Chewing, he looked at me steadily and cried: ‘And then?’
‘Then, you get big,’ he replied.
‘Does it hurt?’
‘It
happens very slowly. Well, that said, some children grow two
centimetres in a single night, and if you put your ear to their arms
and legs you can hear them creak.’
‘It’s the same for us,
except it’s the other way round,’ December declared. ‘You notice that
you’ve got smaller only every now and again. Like the other day: in the
evening I could still put my teacup on the table, and the next morning
I had to climb up on to a chair to reach it. Is it good to get bigger,
do you think?’
‘Until now, it hadn’t occurred to me that there was an alternative.’
‘But now you know,’ he said.
‘Tell me a bit more,’ I asked. ‘What do you know already when you are born and what do you learn later?’
‘Almost
everything,’ announced the little pot-bellied king. ‘You wake up, you
lie there for a bit, you get up and you can write, do higher
mathematics, write computer programs, you go to work and to business
dinners. No problem! Only gradually you forget. The smaller you get,
the more you forget. If someone can no longer participate in business
dinners, it’s pointless going to the office: there’s no need for them
there any more. Then you have to stay at home and you carry on
forgetting more and more things. Your head becomes completely empty,
with lots of room. Others have to cook for you, and afterwards you’re
allowed to go and see your friends. Or watch shadows in the garden and
pretend they’re ghosts. Or give names to the clouds. Or torture your
teddy bear. Or…’
I interrupted: ‘Unless the grown-ups tell you not to.’
‘It’s
got nothing to do with the grown-ups!’ retorted the king. ‘The smaller
you are, the more authority you have, because… because you have more
experience of life. Ho ho! And the grown-ups have to answer all your
questions: Why does a house have corners?
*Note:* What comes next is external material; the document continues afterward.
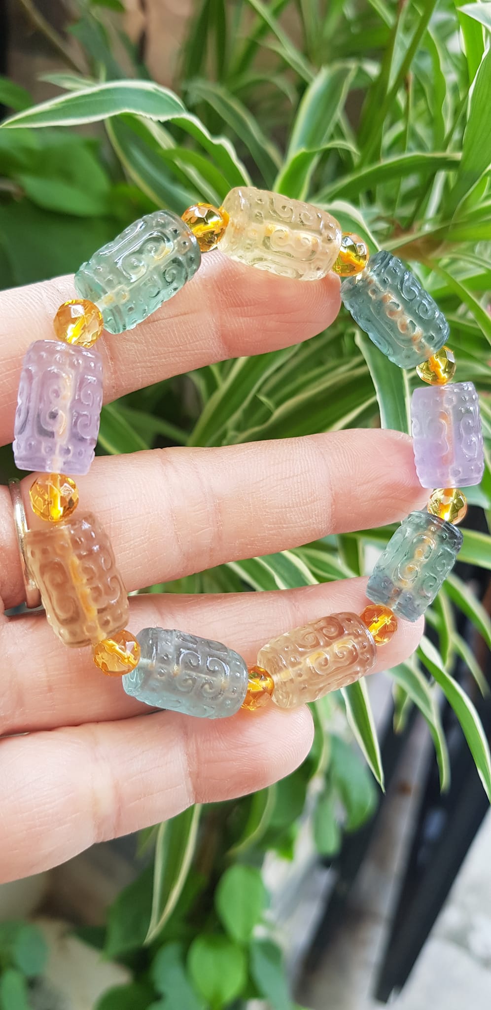 ✨Vòng Tay nữ charm cao cấp Đá Fluorit tự nhiên đa sắc màu kiểu hạt 10mm phối tròn đẹp sang các Chị đeo xinh tay may mắn tài lộc cả năm ạ
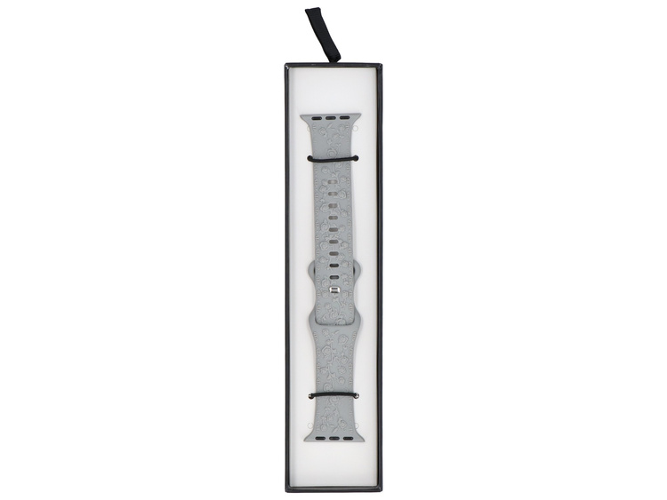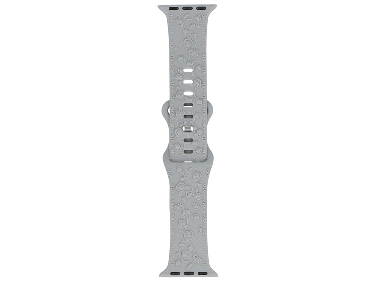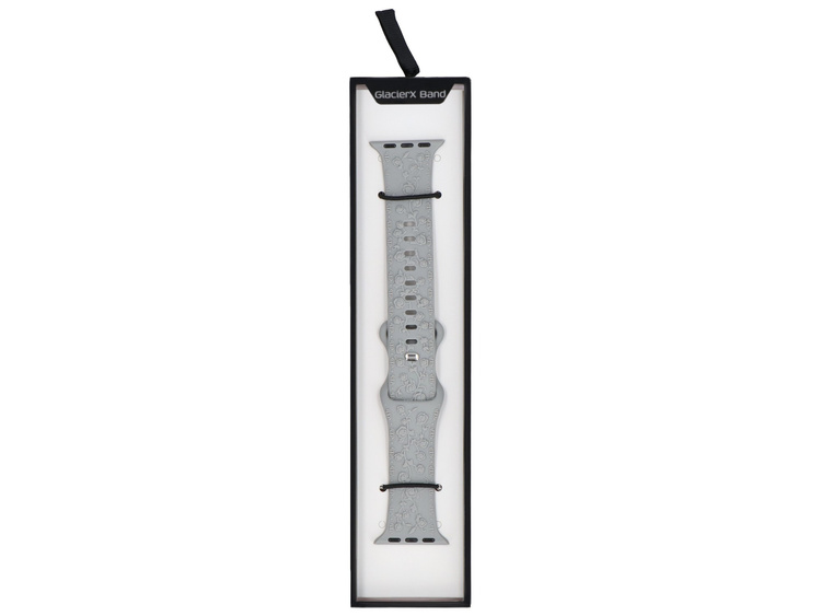 - Silikonarmband GlacierX, geeignet für Apple Watch 38/40/41mm, in der Farbe Grau mit dekorativer Textur. Steckverschluss mit Lasche. Produkt neu.

Why are there only six
numbers on a dice? Why does it rain? As soon as you have the answer,
it’s your prerogative to forget it immediately. And because the little
ones are in charge, our escalators all have tiny steps, and our toilets
are minute so we don’t fall into them. While you’re still big, it’s not
so good, but that’s how it is.’
He stood up with a quick,
proud movement, put what was left of his jelly bear on the floor and
set about buttoning up his coat. An impossibility because his stomach
is so-o-o-o-o big. He sat down again with a sigh.
‘If I
understand it,’ I said, putting his jelly bear back in his hands,
‘where you come from, childhood happens at the end of life?’
‘Of
course!’ the king replied. ‘Think about it: that way you have something
to look forward to!’ He looked at me for a long time. ‘Do you know what
I think?’
‘No.’
‘I think it’s not really that you get bigger. It just seems that you do.’
‘What do you mean?’
‘I
think that you start out big too. Well, that is if what you’re telling
me is true…This is how I see things: you start out with everything at
the beginning; and each day, something is taken away from you. You have
a lot of imagination when you are small, but really you know very
little. As a result, you have to think about things all the time: How
does the light get into the lamp, and the image into the television?
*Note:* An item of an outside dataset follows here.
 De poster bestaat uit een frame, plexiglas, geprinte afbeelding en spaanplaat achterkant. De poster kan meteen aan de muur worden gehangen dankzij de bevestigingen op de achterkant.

Why do dwarves live under the roots of trees, and what is it like to
find yourself standing in the palm of a giant’s hand? Then, you grow
up, and those who are bigger than you explain to you how the light and
the television work. Then, you learn that there are neither dwarves,
nor giants. Your imagination shrinks as your knowledge grows. Am I
wrong?’
‘No,’ I whispered, then added, even quieter still, ‘but it’s not so bad to grow up, to learn, to understand the world, to…’
He
continued: ‘You get old. At first, you want to be a fireman or
something, a nurse or whatever. And then one day you are a nurse or a
fireman and not something else. It’s too late to change your mind. That
too in a way is to grow smaller, isn’t it?’ ‘Oh yes. Yes!’ I say with a
sigh. 
‘It’s
so much better for us,’ Continued the little pot-bellied king, taking a
last bite out of his jelly bear. ‘I feel sorry for you: well, for all
of you, of course.’ He got up, squeezed his tummy through the gap
between my bookshelf and the wall and, as is his wont, disappeared once
again from the room without saying goodbye, just a tiny bit smaller.